Since there was no response to this, here is the hack I ended up using, which should be pretty broadly-applicable to anyone. Presumably this shouldn't be necessary in the near future once Safari adds the document.fullscreenElement specified in the W3 standard.
In my case, the situation was that I had a fullscreen button, and I wanted the fullscreen button to become a "shrink" button when the site was in fullscreen (like YouTube videos). As part of this, I had already implemented the :fullscreen css selectors to turn my button into a "shrink" button whenever the site was fullscreen.
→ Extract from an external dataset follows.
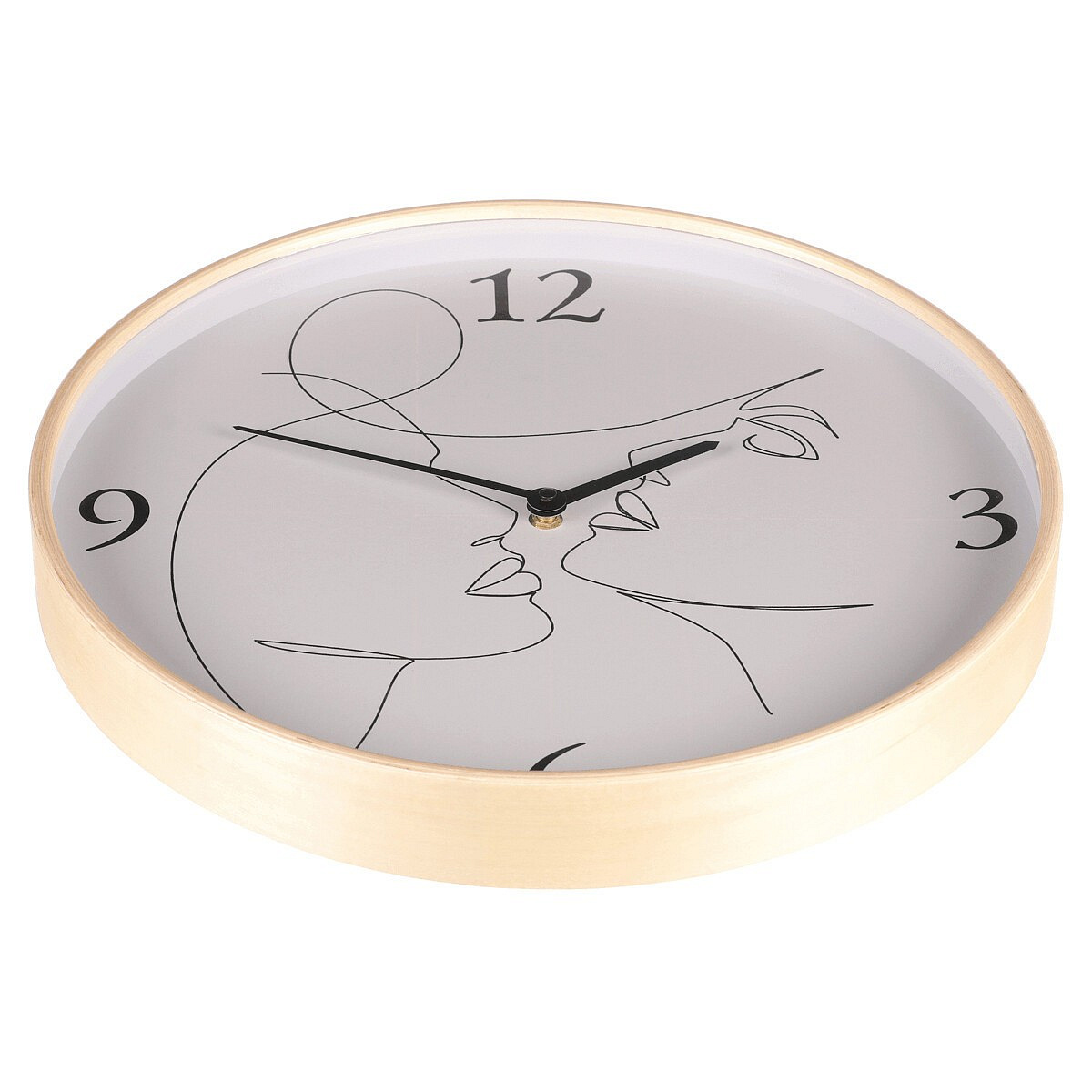 Hodiny nástěnné - pr. 40 cm, MDF a dřevěný rám, motiv tváří

I realized that Safari respected the :-webkit-full-screen css pseudoclass. Therefore, it was quick work to check that my button's image was the "shrink" image (AFAIK you can't test for pseudo-classes directly), and, if it was, we must be fullscreen.
So:
CSS:
.fullscreen-button
background-image: fullscreen.png
/* these match if .fullscreen-button is inside a fullscreen body element
(comma-separated selectors don't seem to work here?) */
body:fullscreen .fullscreen-button
background-image: fullscreen-exit.png
body:-webkit-full-screen .fullscreen-button
background-image: fullscreen-exit.png
body:-moz-full-screen .fullscreen-button
background-image: fullscreen-exit.png
JS:
isFullscreen = function() {
// this doesn't yet exist in Safari
if (document.fullscreenElement
|| document.webkitFullscreenElement
|| document.mozFullScreenElement) {
return true;
}
// annoying hack to check Safari
return ~$(".fullscreen-button").css("background-image").indexOf("exit")
}
This hack should be useable by anyone. Even if you're not doing something like changing the background image of a button in fullscreen mode, you should always be able to make some trivial little css rule change to one element -- especially if it's something that won't actually be visible, like the background-color of an element that's invisible, or the font-size of an element that doesn't have any text -- and test for that in JavaScript.